[Bradley's] utterly winning book is a result of violating not so much the laws of physics as the boundaries of genre ... Gradually, as the novel’s carbonated humor fizzes away, sharper elements protrude ... Admittedly, Bradley is not a tidy writer. This plot eventually starts to shake like a Radio Flyer wagon traveling at DeLorean speeds. But by then nothing matters but the fate of this asynchronous couple brought together across cultures and eras.
For a book that could also be easily described as witty, sexy escapist fiction, The Ministry of Time packs a substantial punch ... Kaliane Bradley proves that it’s possible to address imperialism, the scourge of bureaucracy, cross-cultural conflict and the paranoia inherent in a surveillance state through her utterly entertaining novel ... An edgy, playful and provocative book that’s likely to be the most thought-provoking romance novel of the summer.

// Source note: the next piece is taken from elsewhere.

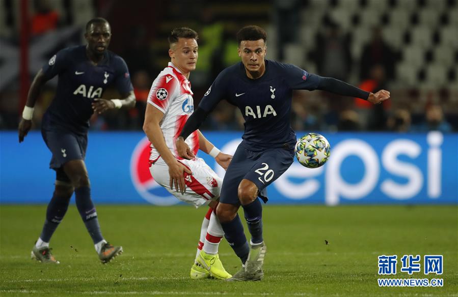 11月6日,热刺队球员阿里(右)在比赛中和贝尔格莱德红星队球员彼得罗维奇拼抢。 当日,在2019-2020赛季欧洲足球冠军联赛B组比赛中,英超托特纳姆热刺队客场以4比0战胜塞尔维亚贝尔格莱德红星队。 新华社发(普雷德拉格·米洛萨夫列维奇摄)
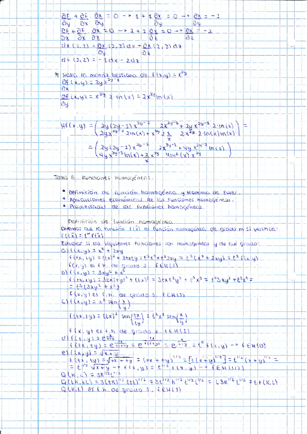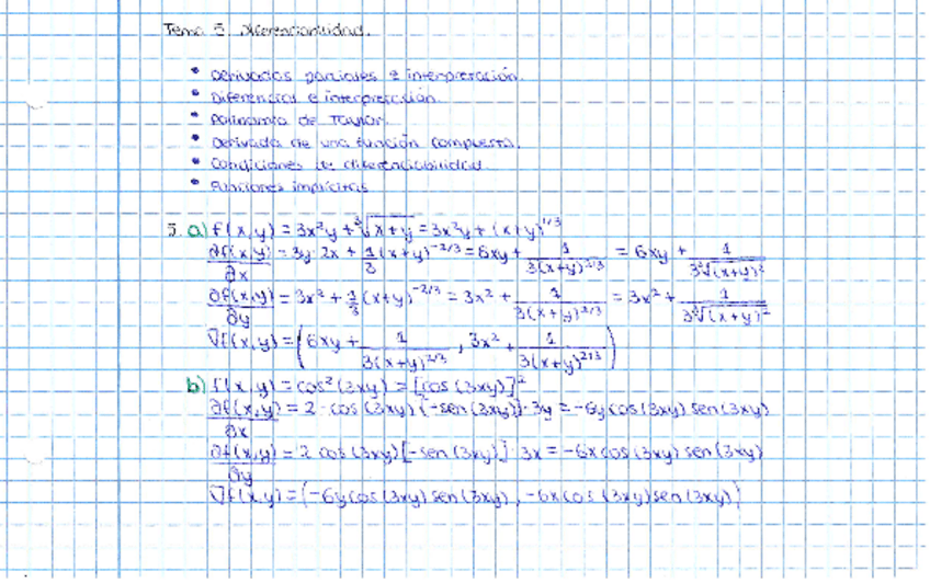 - Derivadas parciales e interpretación - Diferencial e interpretación - Polinomio de Taylor - Derivada de una función compuesta - Condiciones de diferenciabilidad - Funciones implícitas *El ejercicio resuelto a lápiz no está corregido

A novel where things happen, lots of them, and all of them are exciting to read about and interesting to think about ... While Bradley’s writing can veer towards the glib, go with it: give in to the tide of this book, and let it pull you along. It’s very smart; it’s very silly; and the obvious fun never obscures completely the sheer, gorgeous, wild stretch of her ideas.
There is, naturally, a great deal of comedy to be had from the Victorian’s reactions to the modern world ... Bradley, who intersperses the contemporary timeline with episodes from Gore’s ill-fated Arctic expedition, skirts some of the easier laughs by giving him real dignity. He has his own world view, which feels properly informed by his era ... Bradley’s prose is itself a riff on the cross-temporal comedy, combining spare, sometimes melancholy observations with a playful, internet-inflected tone ... Still, there’s no getting around the fact that the novel could have benefited from another draft. In the middle the sentences become alarmingly garbled and many characters are not as vivid as they need to be. Moreover, the sci-fi plot is underdeveloped and overly relied upon.
At least on a superficial level, the fuss makes a degree of sense ... There’s fun to be had in watching this brightly characterised bunch get to grips with a Britain that is, ideologically and culturally, a foreign country ... Yet the social commentary is shoehorned in, not woven ... But fundamentally, The Ministry of Time is a bodge full of undeveloped ideas, tied to a plot that fizzles out even as it insists that more is becoming at stake ... Reading The Ministry of Time is like wading through a bog of undigested imagery and overwrought sentences.
A fantastical combination of time-travel novel, spy thriller and slow-burn romance, The Ministry of Time uses its fish-out-of-water story to explore cultural identity and the legacy of British imperialism. Thoughtful and deliberately paced, Kaliane Bradley’s debut novel mainly focuses on the relationship between the nameless bridge and her charge.
Gripping, gleefully delicious ... [Bradley's] finished novel—taut, artfully unspooled, and vividly written—retains the kind of insouciant joy and intimacy you might expect from a book with those origins. It’s also breathtakingly sexy.
Clever ... A thriller-like scenario regarding mortal threats to the narrator and Gore feels secondary; more fruitful are Bradley’s depictions of the ways in which time travelers react to modern nightclubs, sexual freedoms, and the news that the empire has "collapse[d]." It’s a sly and ingenious vehicle for commentary on the disruptions and displacements of modern life.